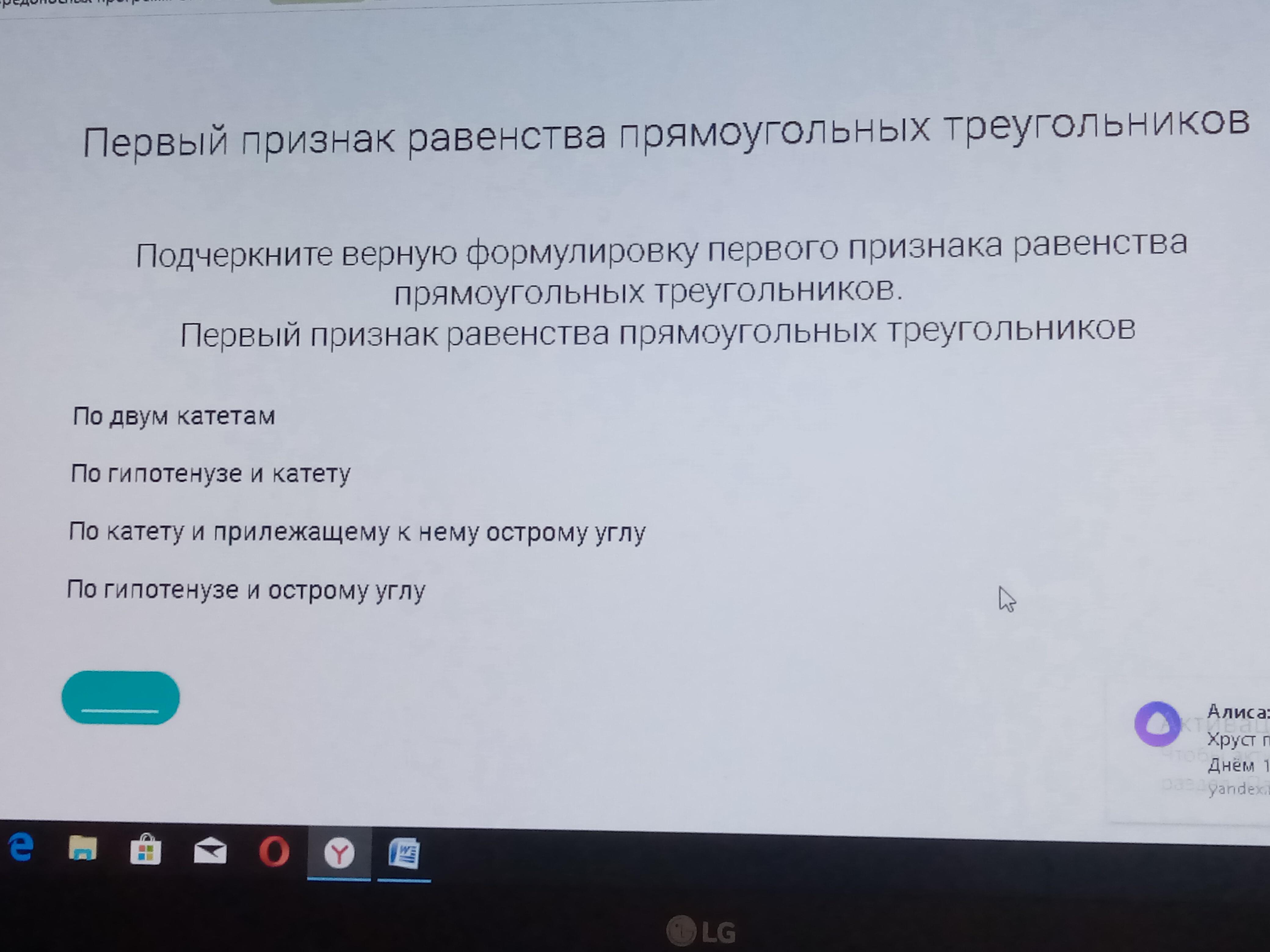 если два катета одного прямоугольного треугольника соответственно равны двум катетам другого прямоугольного треугольника, то такие треугольники равны.
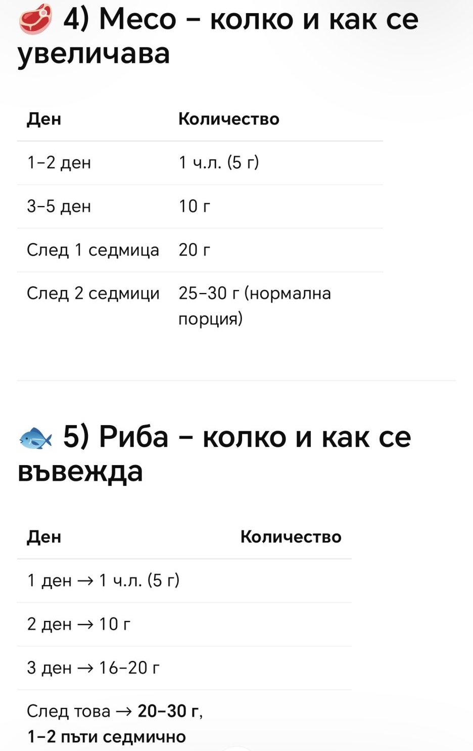 Пупи, ние сме така. Още удържаме положението с три млечни хранения. Второто в 9 яде много малко 60-90 мл и смятам да минаваме на попара, но имам спомен, че с голямата имаше проблем с млечните и по-скоро ще давам пак каша. Проблемът е, че не ги харесваше в началото и връщаше всичко. Моята лл каза да давам АМ, докато мога и да добавям в храната. Примерно днес ще яде яйце и добавям лъжичка Ам към храненето. Кашата я правя с плод и малко АМ. Пробвах и само с АМ и става много тежко за нея и започва яката да връща. Малко на напипване са нещата.
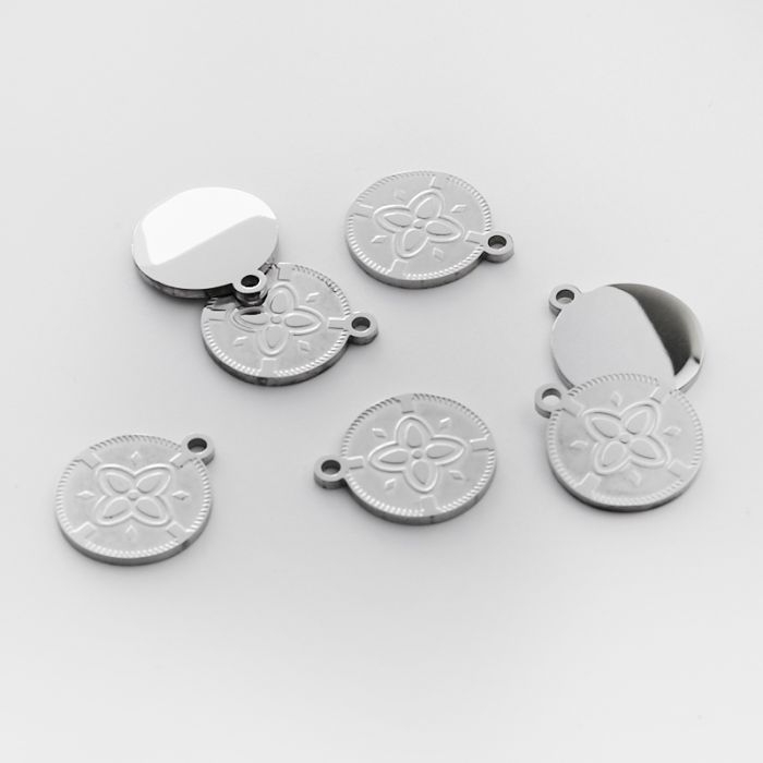 Zawieszka ze stali chirurgicznej kółko z koniczyną marokańską w kolorze srebrnym 18mm
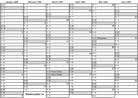 1600 calendar
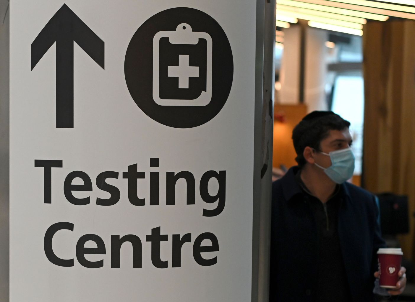 A sign directs passengers to a Covid-19 testing centre at Terminal 5 of London's Heathrow Airport.
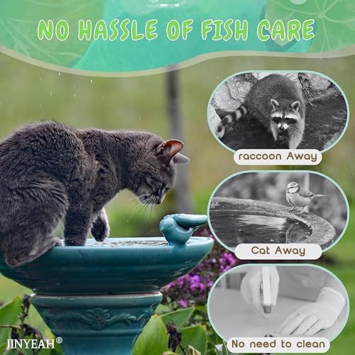 No Hassle of Fish Care: Koi fish decor no need to worry about raccoons or cats snatching the Ceramic koi fish from your pond fountain or birdbath (because they're not tasty), and no need to feed them or clean the water
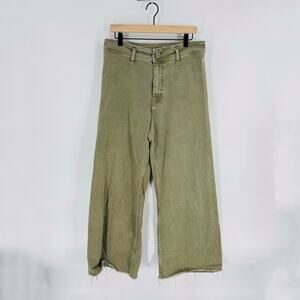 Zara Women’s Army Green Denim Sailor Pants Size 14 Wide Leg Raw Hem
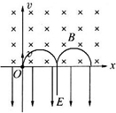 1、计算题  (12分)如图所示,在x轴上方有垂直于x0y平面向里的匀强磁场,磁感应强度为B。在x轴下方有沿y轴负方向的匀强电场,场强为E,一质量为m,电荷量为-q的粒子从坐标原点沿着y轴正方向射出,射出之后,第三次到达x轴时,它与点O的距离为L,不计粒子所受重力。求:
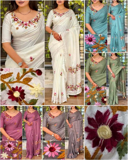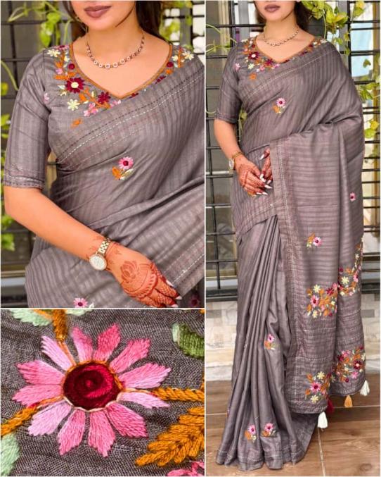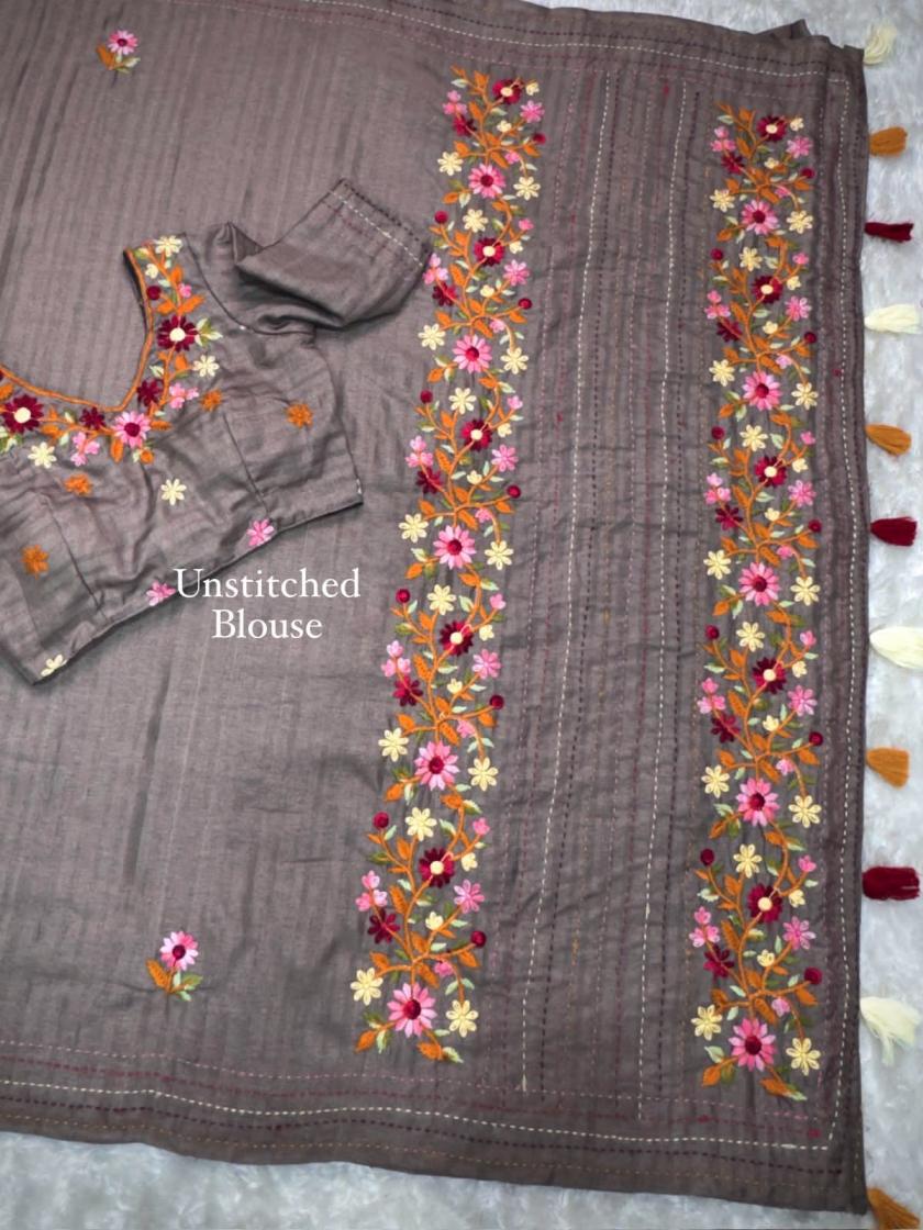 Design-kashmiri Wrapped in the poetry of heritage, this tusser cotton saree is where tradition meets pure grandeur. The rich tusser saree glows with fine thread kashmiri style Embroidery Fabric- SIZE- Pattern- Notice Saree embroidery is made from pure cotton thread, so, normal thread snag is common in saree embroidery. RATE : 1500/- +GST |
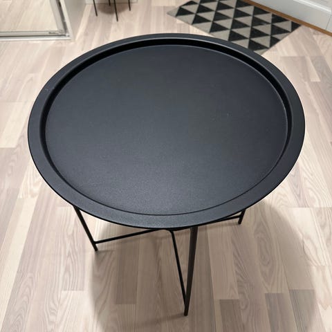 Myydään tukeva tummanruskea puukuvioitu sivupöytä/sohvapöytä. Pöydässä on kätevä alataso säilytykseen (esim. lehdet, kirjat). Sopii olohuoneeseen, eteiseen tai vaikka tv-tasoksi pienempään tilaan.
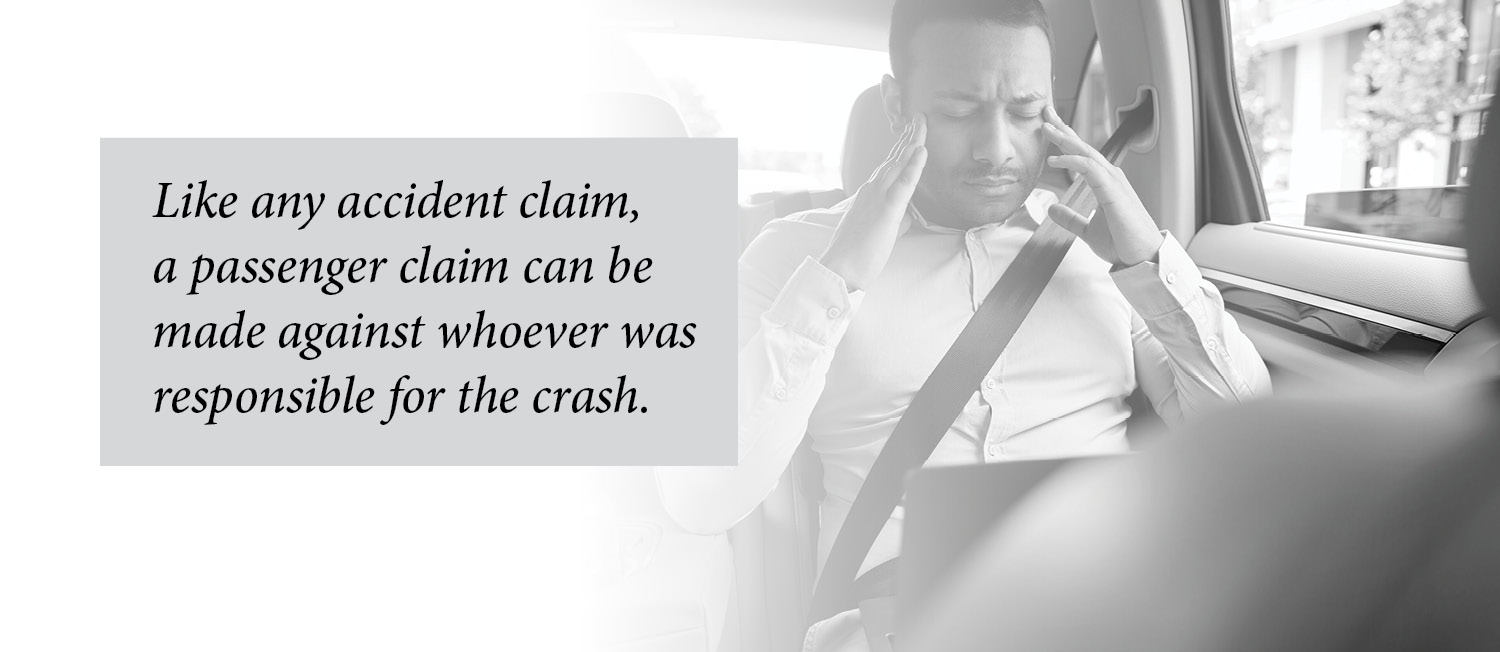 Like any accident claim, a passenger claim can be made against whoever was responsible for the crash. What makes passenger claims unique is that the claim may be made against a friend or acquaintance who was driving (if they are at fault), rather than the stranger in another car. And if the at-fault driver’s insurance is insufficient, the passenger can file a lawsuit.
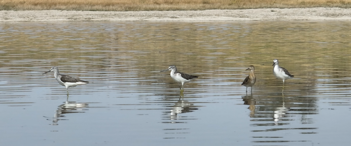 9月18日,甘肃敦煌阳关湿地自然保护区鸟类监测人员监测到小群青脚鹬在此停歇。
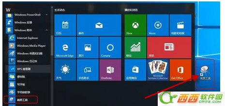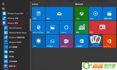 3、还可以左键点击win系统左下角,在弹出的窗口中依次选择“所有应用”→“windows附件”→“截图工具”。
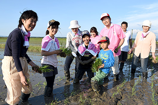 組合員が田植えや稲刈りに参加し、交流を進めています。
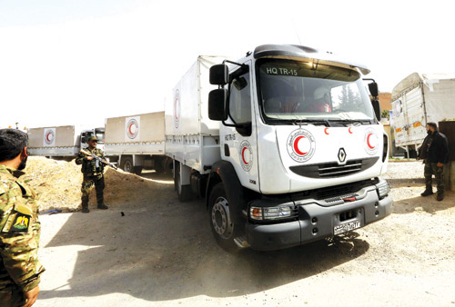 في غضون ذلك بدأ مجلس حقوق الإنسان التابع للأمم المتحدة تحقيقًا في هجمات الجيش السوري على المدنيين المحاصرين في الغوطة الشرقية، وذلك في قرار تم تمريره أمس الاثنين. ودان المجلس بشدة قصف المستشفيات باعتباره ضمن جرائم الحرب، كما استنكر عرقلة وصول قوافل المساعدات وما يتردد عن استخدام أسلحة كيميائية في المنطقة. وحث المجلس جميع أطراف الصراع على الالتزام بوقف إطلاق النار الذي طالب مجلس الأمن الدولي بتنفيذه لمدة شهر. وجرى تمرير القانون بموافقة 29 دولة، فيما امتنعت 14 دولة عن التصويت، في مقابل تصويت بالرفض من أربع دول هي (بوروندي والصين وكوبا وفنزويلا). كما صرح مسؤولون بأن قوافل المساعدات الأممية في طريقها إلى الغوطة الشرقية، ومن المفترض أن تصل اليوم الاثنين. وقالت ليندا توم المتحدثة باسم مكتب تنسيق الشؤون الإنسانية التابع للأمم المتحدة في سوريا إن «الشاحنات في طريقها إلى معبر الوافدين شمال شرق دوما القريبة من العاصمة دمشق». مضيفة بأنه سيتم الإعلان عند دخول المنطقة. وتتألف القافلة من 46 شاحنة، تحمل إمدادات طبية وغذائية. وقال المكتب في بيان منفصل: «إن الأمم المتحدة وشركاءها حصلوا على موافقة لتقديم المساعدة لـ70 ألف شخص بحاجة إليها في المنطقة المحاصرة».
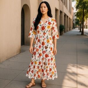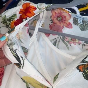 Rose Beverly. Embrace elegance with this stunning floral print maxi dress. Perfect for any occasion, this dress features a vibrant mix of colors that add a touch of sophistication to your wardrobe. Also comes with slip cover under the dress. New without tags. Measurements are in the pictures.

▶ [Problem to work on]
Although pictures appear among the entries, please set down only the lines from the one with "1、计算题  (12分)如图" up to and including the one with "Myydään tukeva tummanruskea", word for word.

▶ [Task solution]
 1、计算题  (12分)如图所示,在x轴上方有垂直于x0y平面向里的匀强磁场,磁感应强度为B。在x轴下方有沿y轴负方向的匀强电场,场强为E,一质量为m,电荷量为-q的粒子从坐标原点沿着y轴正方向射出,射出之后,第三次到达x轴时,它与点O的距离为L,不计粒子所受重力。求:
 Design-kashmiri Wrapped in the poetry of heritage, this tusser cotton saree is where tradition meets pure grandeur. The rich tusser saree glows with fine thread kashmiri style Embroidery Fabric- SIZE- Pattern- Notice Saree embroidery is made from pure cotton thread, so, normal thread snag is common in saree embroidery. RATE : 1500/- +GST |
 Myydään tukeva tummanruskea puukuvioitu sivupöytä/sohvapöytä. Pöydässä on kätevä alataso säilytykseen (esim. lehdet, kirjat). Sopii olohuoneeseen, eteiseen tai vaikka tv-tasoksi pienempään tilaan.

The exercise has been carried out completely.